Il y a peut-être des points faibles dans ce film. Nous laissons aux spectateurs le soin de les détecter. Pour notre part, nous aimons tant le propos et le nouveau Paul Sneijder que nous n’avons aucune volonté ni envie de les pointer.

Encore un mot...

Le scénario est adapté d’un roman de Jean-Paul Dubois qui a su saisir ce mal des grandes métropoles où l’homme des bureaux a perdu tout contact avec sa nature. Il faut une catastrophe pour remettre les choses à l’endroit. Et une intrigue de près de deux heures pour sauver un cadre supérieur en déroute. Ce film n’est pas un cri d’alarme : juste un constat. A nous, spectateurs, d’en goûter les leçons.

Une phrase

« L’ascenseur est une des incarnations de l’absurdité qu’il y a à empiler les gens les uns au-dessus des autres et à devoir construire des ascenseurs pour les faire monter. Mais le débat entre nature et contre-nature n’est pas ce qui m’obsède le plus. C’est l’idiotie managériale qui me heurte. Sneijder a été un agent de ça, un bon petit soldat, il s’est nié, il a nié sa fille, sa famille. Il a été un lâche, et l’histoire du film, c’est comment il se prend cette lâcheté en pleine face et comment il décide de se réformer. » Thomas Vincent

L'auteur

Thomas Vincent, 52 ans, né à Juvisy-sur-Orge, est le réalisateur d’une poignée de bons films comme « Karnaval » (1999), avec Sylvie Testud, qui a ébloui la critique en tant que premier film et séduit les spectateurs, « Je suis un assassin » (2004), avec François Cluzet et Karin Viard, ou encore « Le nouveau protocole » (2008), avec Clovis Cornillac et Marie-Josée Croze, qui faisait par avance écho aux accidents récents concernant des essais de médicaments.

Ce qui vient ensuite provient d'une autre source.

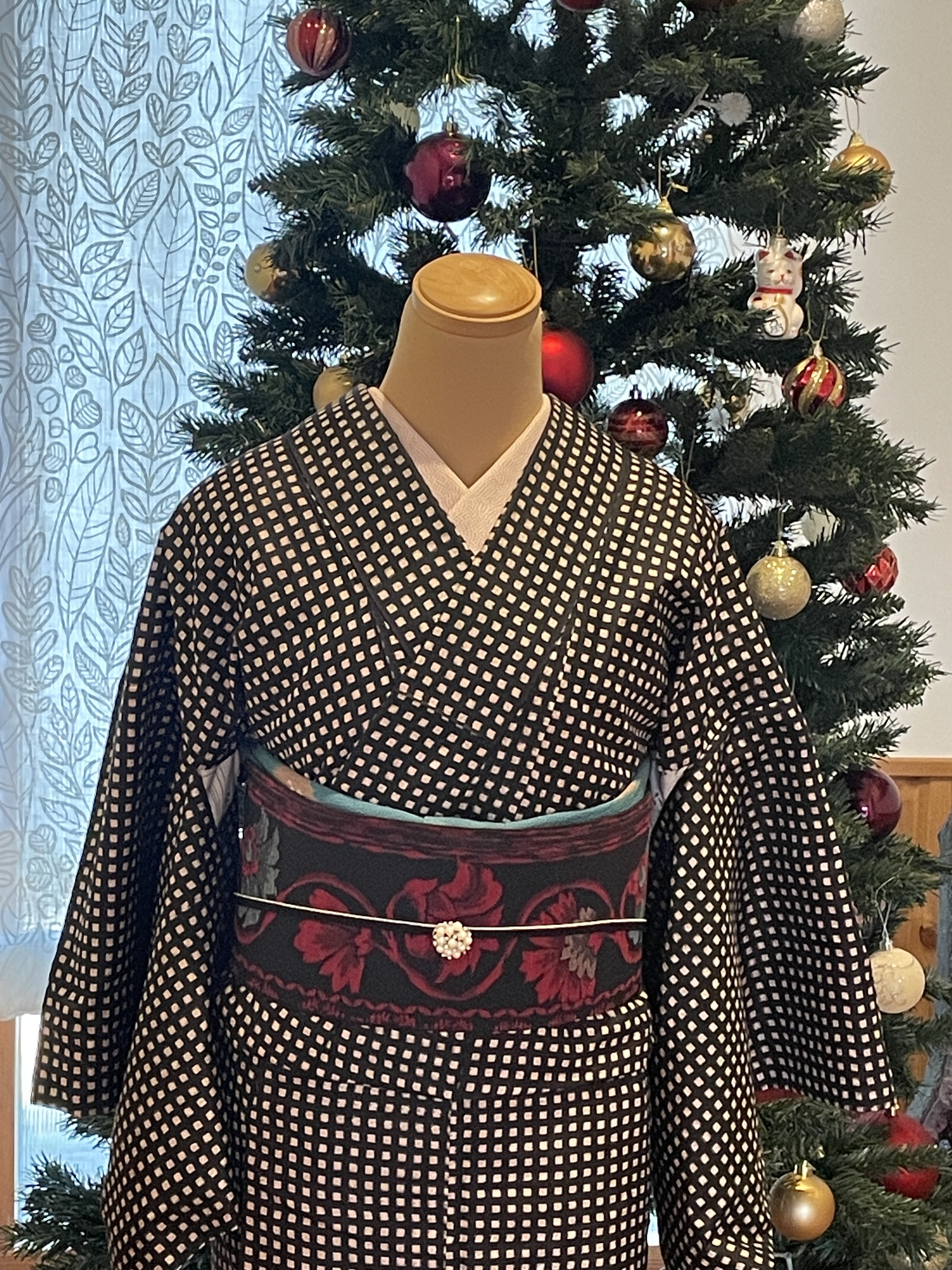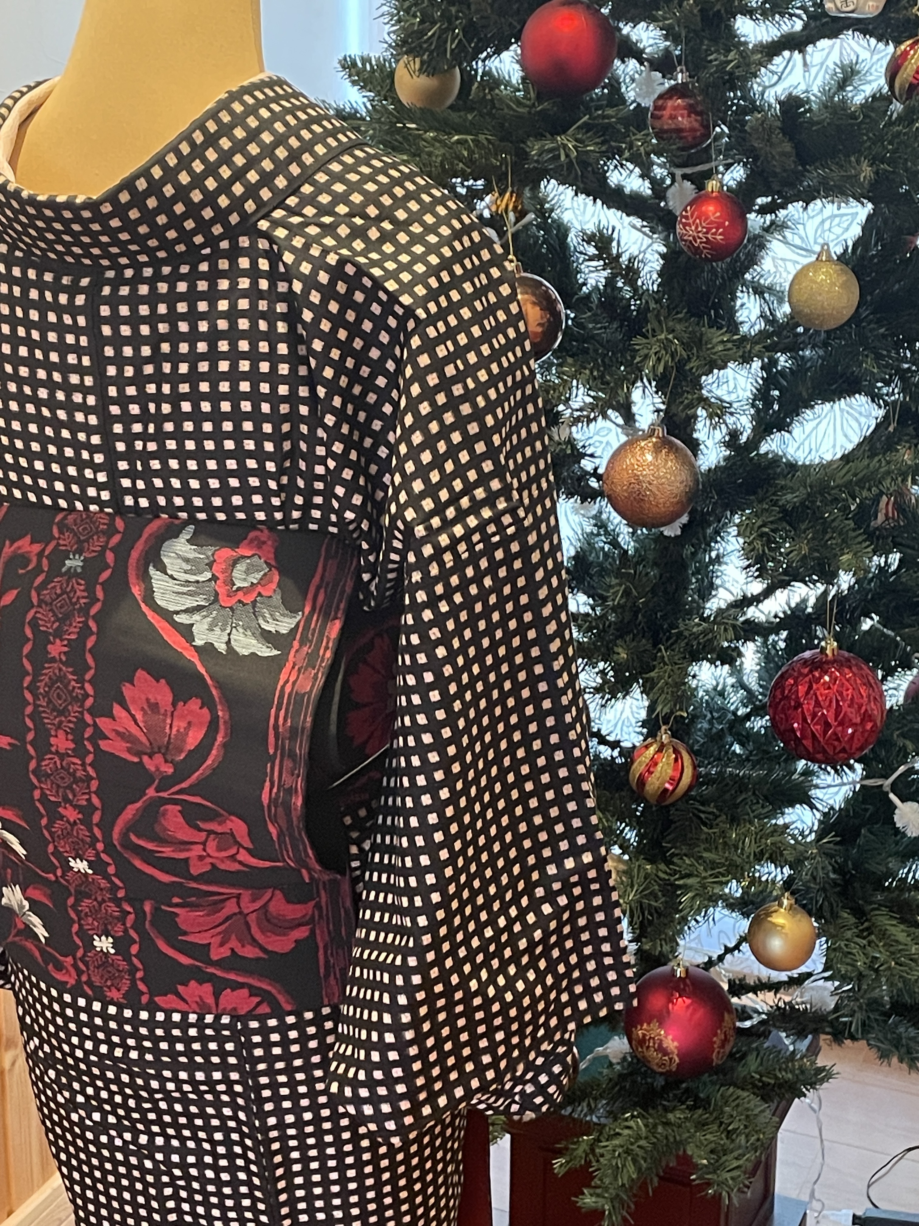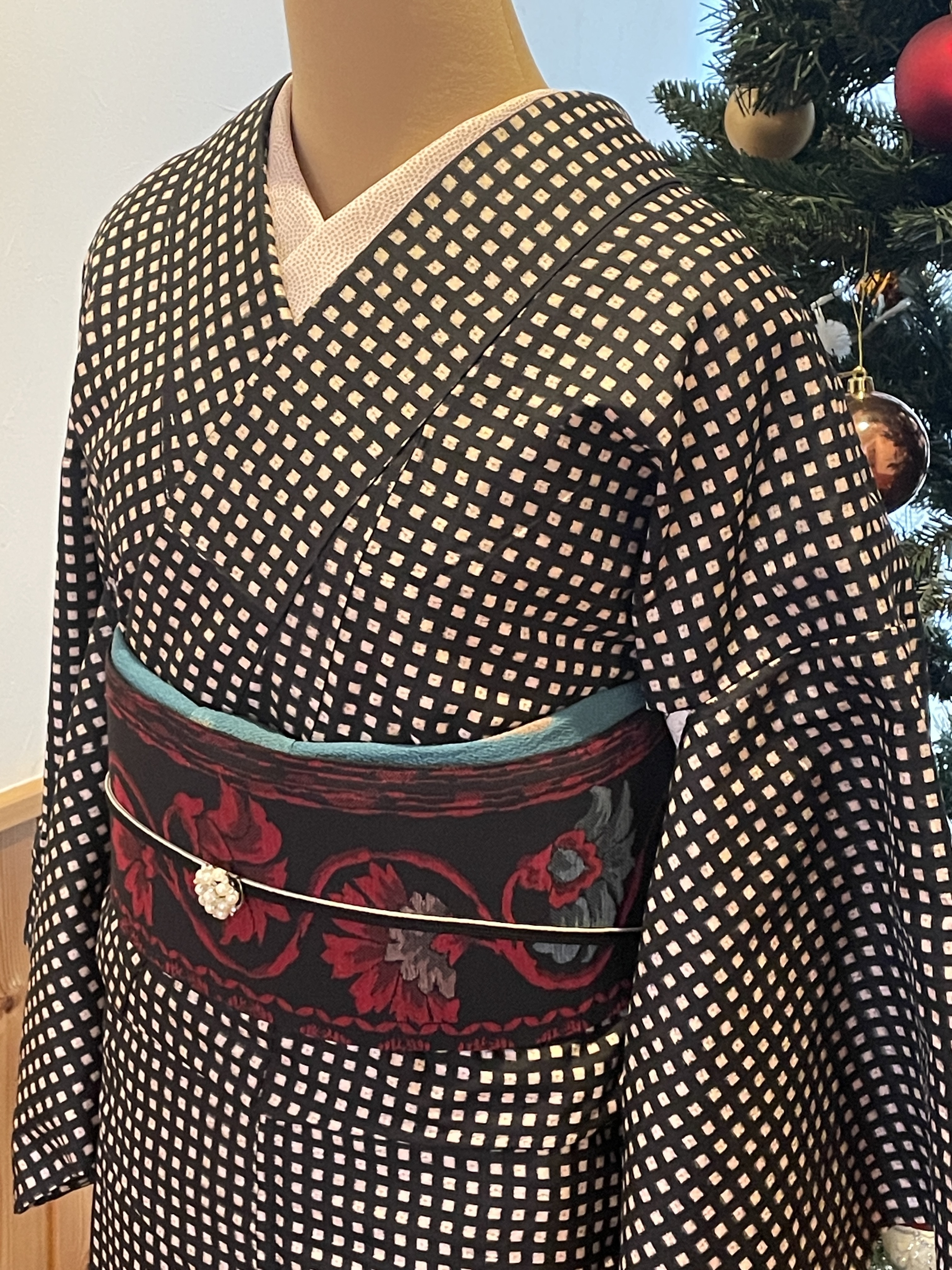 黒字に赤のツタ柄の名古屋帯を合わせて

L’hérédité doit un peu compter dans le talent du réalisateur puisqu’il est le fils de l’actrice, scénariste et réalisatrice Hélène Vincent et du metteur en scène de théâtre Jean-Pierre Vincent. Son nouveau film, « La nouvelle vie de Paul Sneijder », lui fait monter une marche supplémentaire vers le firmament des grands cinéastes.